The region was chosen because of its unique geography, weather and the number of visitors it sees to the island in a given year.

Local leaders are being asked to come up with a plan to invest in climate change, which they say is a far cry from the Manitoulin Island parents and grandparents knew in their youth.

"Individuals and households will know what their footprint is - businesses will look at the support systems available as they transition to a low-carbon economy. Community leaders will have a baseline ln which they could work to build more sustainable, resilient and sustainable communities," said Re-Think Green community planner Simon Blakeley.

Re-Think Green made its presentation outside the town hall for Northeastern Manitoulin and the Islands.
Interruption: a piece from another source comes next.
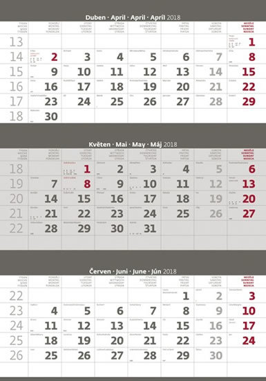 Kalendář nástěnný 2018 - 3měsíční/šedý s jmenným kalendáriem (česky)

The community's mayor, Al MacNevin, said he is excited to see the findings.

"It's actually been a couple of years since we've had a conversation about it directly, so I'm looking forward to peeling back the 'onion,' and seeing what the recommendations are and whatever areas we can improve in. I think our council would be very supportive and our community as well," said MacNevin.

"You know, if they encourage that of all the visitors, then everyone would be on board. And, like I said, it's not doom and gloom. It's an exciting change that we can be part of," said St. Georges.

After Little Current, the Re-Think Green group said it has meetings with leaders and residents in both Tehkummah and Gore Bay.